Subtracting mean from time series in AR(1) process

Question

In Cryer and Chan the book Timer Series with Application in R. We find the following piece.

Consider the first-order autoregressive process, abbreviated AR(1), in detail.

Assume the series is stationary and satisfies.

$Y_{t} = \phi Y_{t - 1} + e_{t}$

Where $e_{t}$ is a white noise process.

We assume that the process mean has been subtracted out so that the series mean is zero.

I don't understand what this means.

Does this implicitly imply the following logic?

$Y_{t} = \phi Y_{t - 1} + e_{t} - \mu + \mu$

Suppose that:

$W_{t} = \phi W_{t - 1} + e_{t} + \mu$

and that:

$X_{t} = W_{t} - \mu = \phi W_{t - 1} + e_{t} - \mu + \mu$

In this case, the time series $Y_{t}$ is stochastically equal to the following time series $X_{t}$.

Am I correct?

Answer 1

Your calculations are correct but the meaning is simpler.

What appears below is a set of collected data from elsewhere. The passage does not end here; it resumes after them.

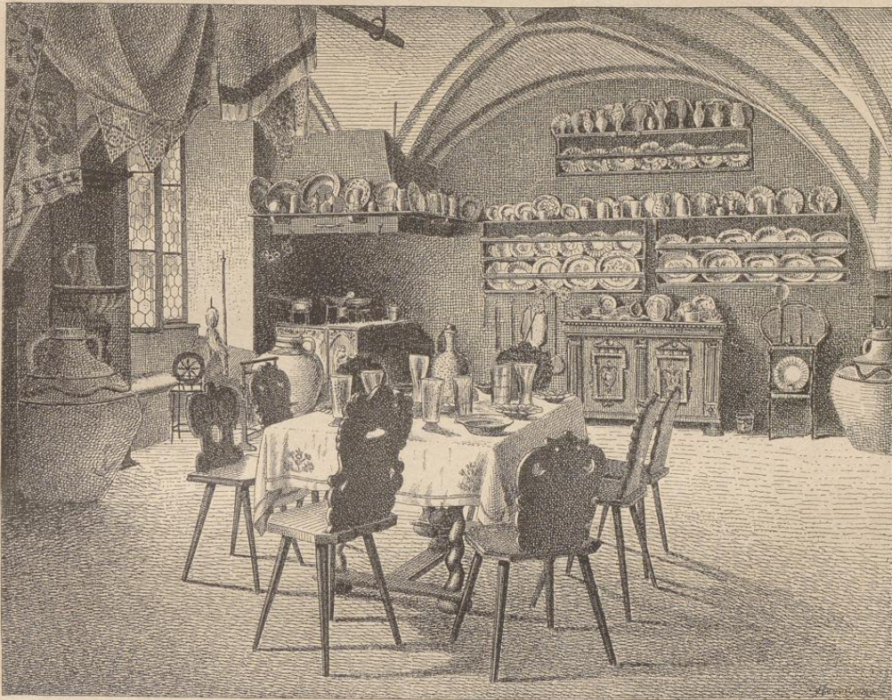
151] Küche im Mufeum zu Salzburg. Gefstellt von Herrn Direktor Schiffmann.

erlaubt sich ähnliche Uebergriffe in fremde Gebiete, um ihren Markt zu erweitern, und wenn auch bei diesen Versuchen dann und wann ein Ergebnis von bleibendem Werthe erzielt wird, so ist doch der Schaden, welchen dieses planlose Experimentiren verursacht, überwiegend. Alles in Allem: Das große Publikum würde für eine lebhaftere häusliche Kunstpflege viel leichter und rascher gewonnen werden, wenn die Künstler und Techniker ihre Aufmerksamkeit mehr auf das anerkannt Nützliche, Einfache und Schöne, als auf das Originelle und Auffallende richten würden.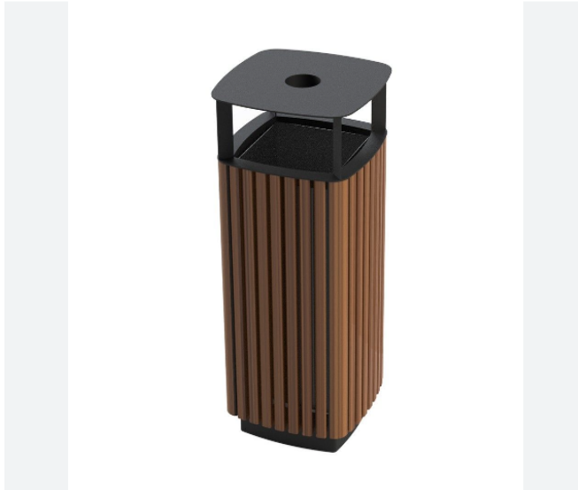
3 pav. Šiukšlių dėžės pavyzdys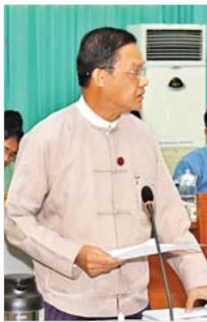
ပြည်ထောင်စုရှေ့နေချုပ် ဦးထွန်းထွန်းဦး

ထို့နောက် အမျိုးသားမြေအသုံးချမှုကောင်စီအတွင်းရေးမှူး၊ ပြည်ထောင်စုဝန်ကြီး ဦးအုန်းဝင်းက အမျိုးသားမြေအသုံးချမှုကောင်စီ၏ ဒုတိယအကြိမ်အစည်းအဝေးဆုံးဖြတ်ချက်များအပေါ် ဆောင်ရွက်ပြီးစီးမှုအခြေအနေများ

The authors assume that $\mathbb{E}\left[Y_t\right] = 0$. If this were not the case, say $\mathbb{E}\left[Y_t\right] = \mu$, then substitute $Z_t = Y_t - \mu$ for $Y_t$ and follow along with the book.

Answer 2

If you have a stationary AR(1) process given by:

$$W_t = \mu + \phi W_{t-1} + \varepsilon_t$$

Then the mean is:

$$\mathbb{E}(W_t) = \frac{\mu}{1-\phi}$$

Note that the mean is not $\mu$ in general. If you subtract the mean and define a new process:

$$X_t := W_t - \mathbb{E}(W_t) = W_t - \frac{\mu}{1-\phi}$$

Therefore $W_t = X_t + \frac{\mu}{1-\phi}$ and you can substitute this back into the first equation to get:

$$ X_t + \frac{\mu}{1-\phi} = \mu + \phi \left(X_{t-1} + \frac{\mu}{1-\phi}\right) + \varepsilon_t $$

Or:

$$ X_t = \mu \left[1 - \frac{1}{1-\phi} + \frac{\phi}{1-\phi}\right] + \phi X_{t-1} + \varepsilon_t $$

Which is just:

$$X_t = \phi X_{t-1} + \varepsilon_t$$

This is a stationary AR(1) process with mean zero.

The issue with your derivation is that you use the wrong mean and then end up with an equation that doesn't have the same process on both sides ($X_t$ on the left and $W_{t-1}$ on the right).